In legal terms, negligence is the failure to act in the way that a reasonably prudent person would act in a given set of circumstances. Typically, people act negligently. However, it is also possible for a person to be negligent because they failed to act.
Negligent actions are those which are, in essence, irresponsible. They are actions that a reasonable person would have known were dangerous. The person who acts negligently is not intentionally trying to hurt someone. Instead, they are acting in a manner that is reckless or imprudent. Let us say that I am driving my car and I decide to run a red light. I think I can make it, and I certainly don’t intend to harm someone. If I do cause a collision, I have clearly acted negligently because I should have foreseen that my action was likely to cause harm.

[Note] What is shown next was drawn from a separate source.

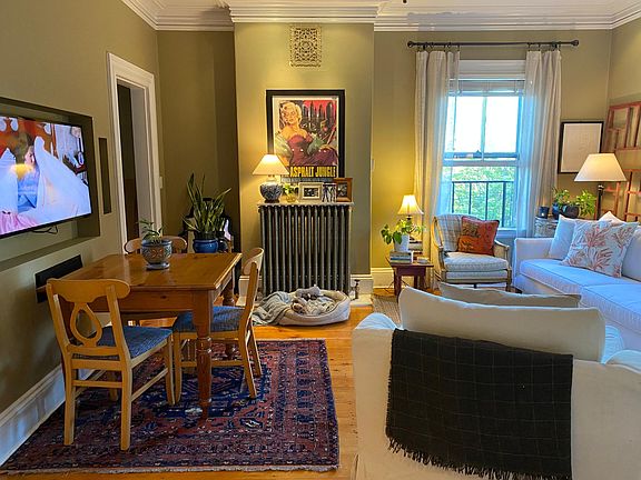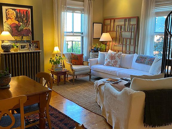You will love this updated 2 bedroom condo with off street parking and private laundry and bonus storage/guest space. This two floor condo features huge master bedroom area, skylights, exposed brick, built-ins, over-sized tile shower & surround sound. Separate laundry area with storage all on the 3rd floor. Heat and hot water included along with off-street parking. Owner pays for heat & hot water
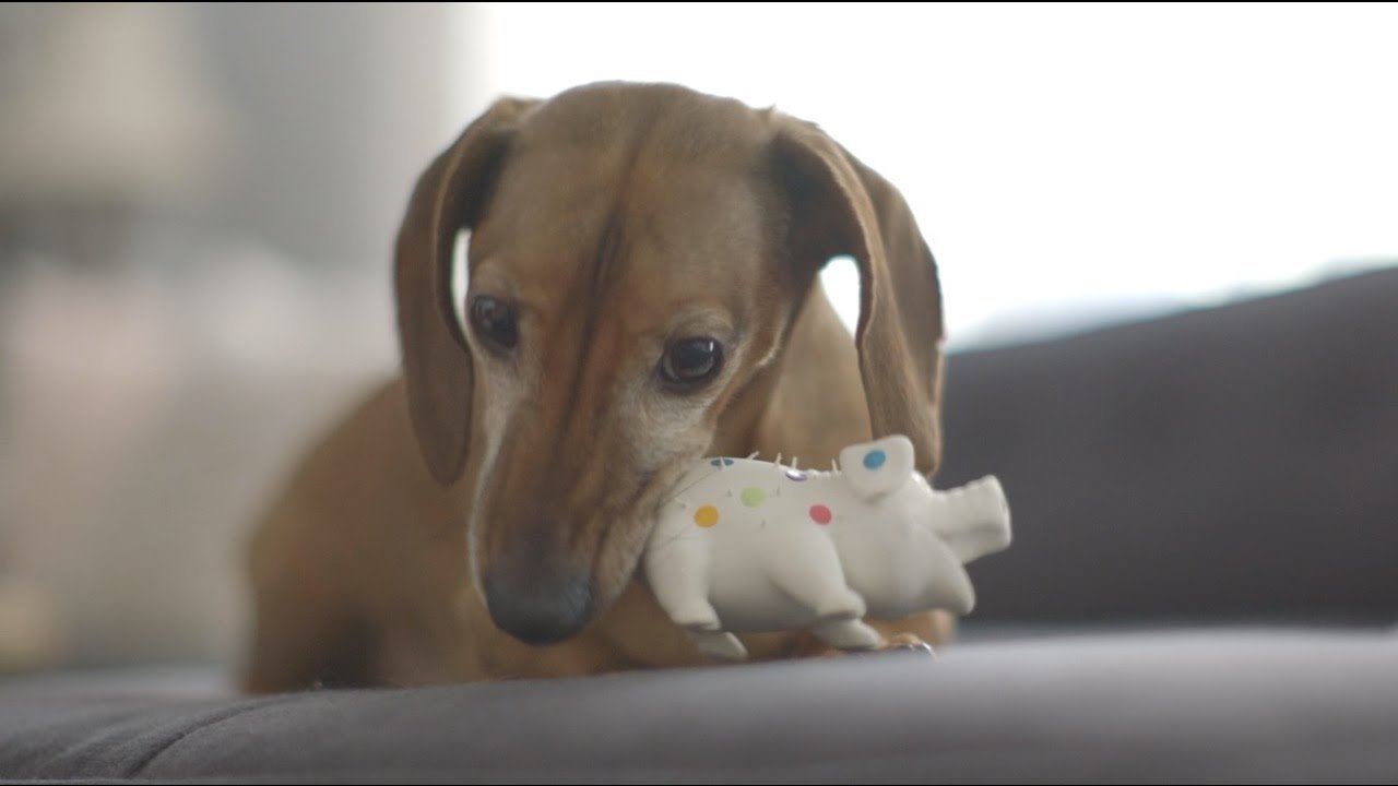 ▼一直到最近,主人終於在家中的某個角落找到了小豬玩偶,當芬恩聽見熟悉的聲音那刻,牠發出小狗狗獨有的細微叫聲把大家的心都融化惹:

People can also be negligent through inaction. This happens when a person fails to provide adequate safeguards to keep others from harm. For example, imagine I have dug a pit in my yard and I have failed to fence it off. A neighbor child runs through my yard and falls in the pit and is hurt. I am likely to be guilty of negligence for failing to foresee and prevent the possibility of such injury.
Technically, negligence is likely to exist if the following four factors exist:
- A person has a duty to be reasonably careful.
- They fail to do so.
- This results in physical harm to someone else.
- The harm results for circumstances that the negligent person could reasonably have foreseen.